A closer look at the figure above shows that since 2005 the real effective exchange rate has been appreciating but a sharp real appreciation is observed in 2008 mainly due to the appreciation of the nominal value of the RWF against the currencies of major trading partners. The RWF appreciated by 1.9% against the Kenyan shillings, 5.6% versus the Burundi franc, 0.01% against US dollar,7.4% compared to the British Pound and by 13.6% against the South African Rand. On the other hand, the appreciation of the real effective exchange rate in 2008 was due to high inflation in Rwanda during this period compared to prices in the major trading partners. Indeed inflation rate was 22.4% in Rwanda, 16.3% in Kenya, 14.2% in Uganda, 13.5% in Tanzania, 1.6% in Euro Area, 3.1% in United Kingdom and 0.1% in the US. However, we observe moderate REER depreciation since 2012 up to present but RWF remains quite stable as moderate bilateral depreciation against USD, GBP and EURO during this period is insulated by an increase in relative prices given that domestic inflation has increased in relation to foreign inflation and the slowing pace of nominal exchange rate depreciation.
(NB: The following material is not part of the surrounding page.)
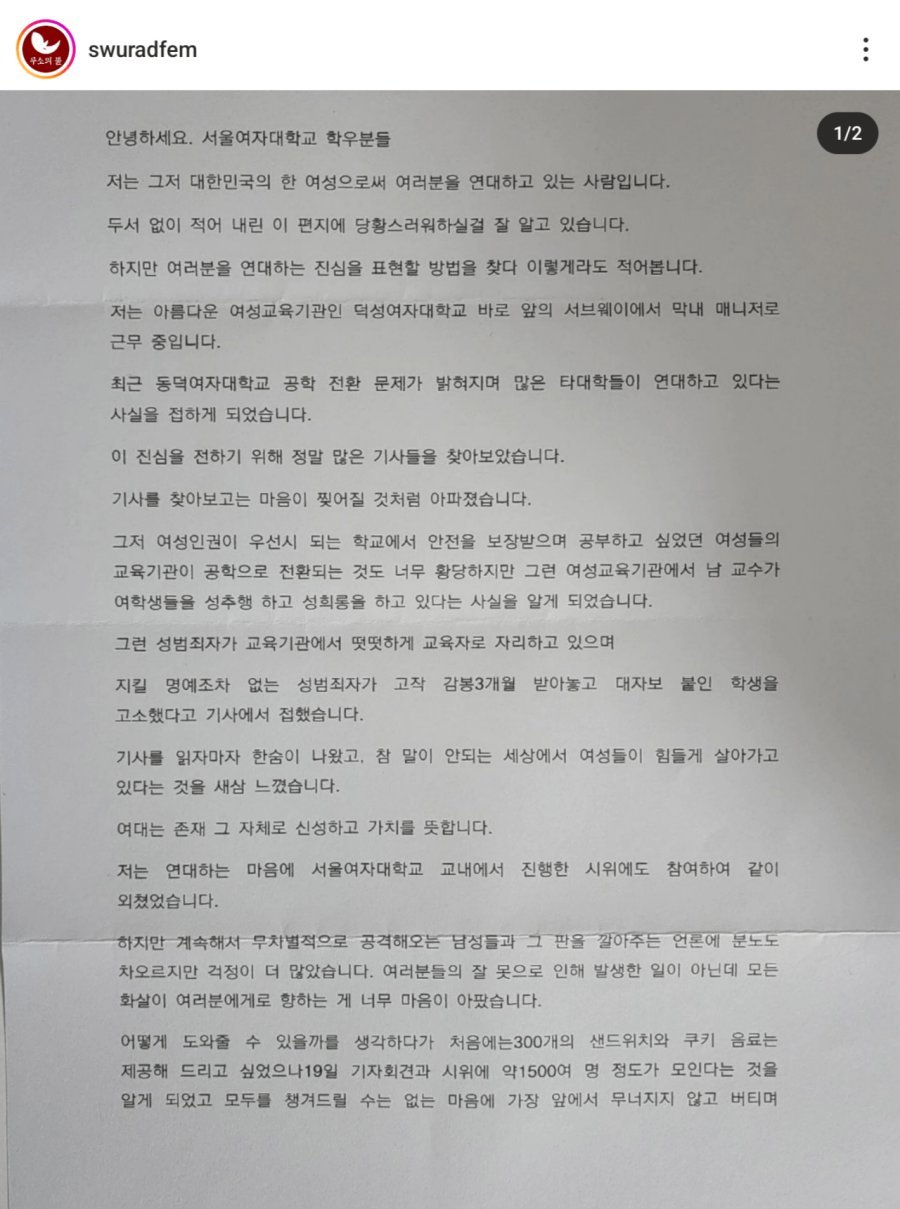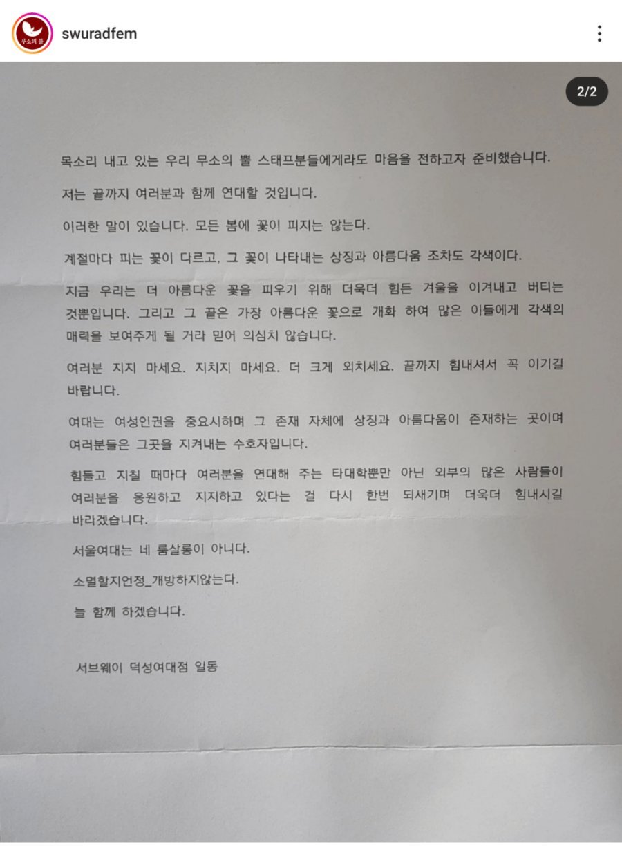 서브웨이 덕성여대점 동덕여대 시위 지지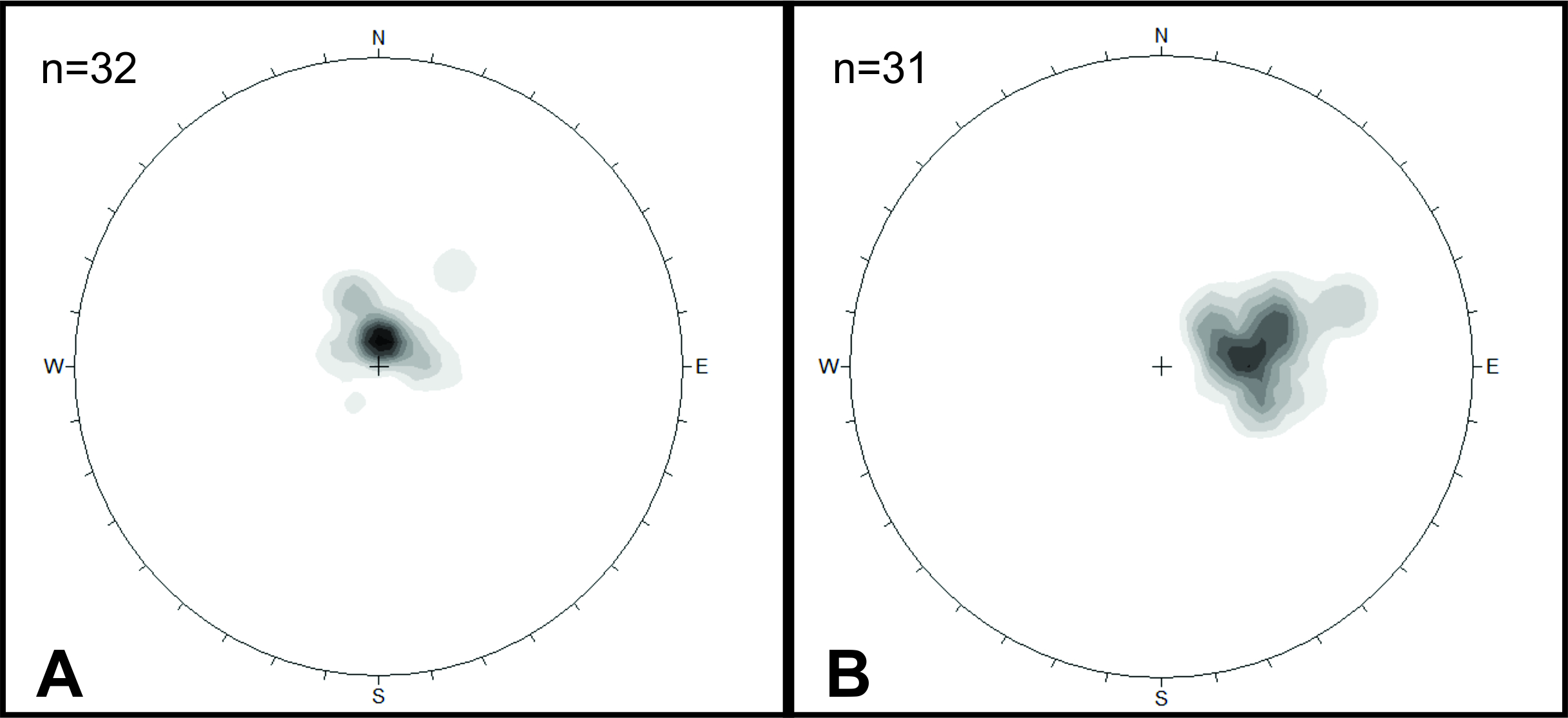 En la estación 1, esta lineación revela un buzamiento preferente hacia el noroeste y cercano a la vertical, con una concentración máxima en la dirección N20O/79NO (Fig. 7A). En la estación 2, a diferencia de la anterior, la lineación presenta un buzamiento preferencial hacia el noreste, con una concentración máxima en la dirección N79E/55NE (Fig. 7B). La rotación dextral de la lineación en la estación 2 respecto de la estación 1 se debe a la inflexión en el mismo sentido de la foliación magmática.

Table 1: EAC currencies depreciation against USD (2008 – 2013)
Year / USD/RWF / USD/KES / USD/UGX / USD/TZS / USD/BIF2008 / 2.64% / 21.98% / 16.50% / 15.37% / -0.04%
2009 / 2.26% / -2.46% / -3.47% / 0.53% / 8.92%
2010 / 4.06% / 6.51% / 21.41% / 10.47% / -0.58%
2011 / 1.63% / 3.66% / 5.75% / 7.88% / 3.94%
2012 / 4.51% / 1.06% / 7.25% / -0.20% / 18.09%
2013 / 6.12% / 0.76% / -4.98% / -0.04% / 1.13%
6 Years Average / 3.54% / 5.25% / 7.08% / 5.67% / 5.24%
Source: BNR, Financial Markets Department
The stability of RWF has been mainly attributed to good performance of external trade coupled with the increased inflows from Budget support. Regarding external trade, the Rwandan export sector continues to register good performance on the account of impressive performance of formal exports whose value stood at USD 573 million in 2013, representing an annual increase of 18.7%, while the volume increased by 6.8%. In the same period, formal imports free on board(FOB) slightly increased by 2.2% in value amounting to USD 2247.4 million and by 4.3% in volume. As a result, the trade deficit reduced from USD 1276.6 million recorded in 2012 to USD 1224.9 million in 2013 and Import cost insurance freight (CIF) cover by exports increased to 25.4% against 22.9% recorded in 2012. Including informal cross border trade, exports covered 30% of imports from 27.7% in 2012.
As a consequence, in 2013 the overall balance of payments recovered from a deficit of USD 205.5 million recorded in 2012 to a surplus of USD 223.4 million and the BNR’s intervention on domestic foreign exchange market declined from USD 455 million sold in 2012 to USD 322 sold in 2013. However, during the last two years the Rwandan franc recorded upward trend depreciation due to an increase in imports of goods, especially the capital and intermediate goods to finance the 8.6% and 8.0% GDP growth rate that the country has recorded in 2011 and 2012 respectively.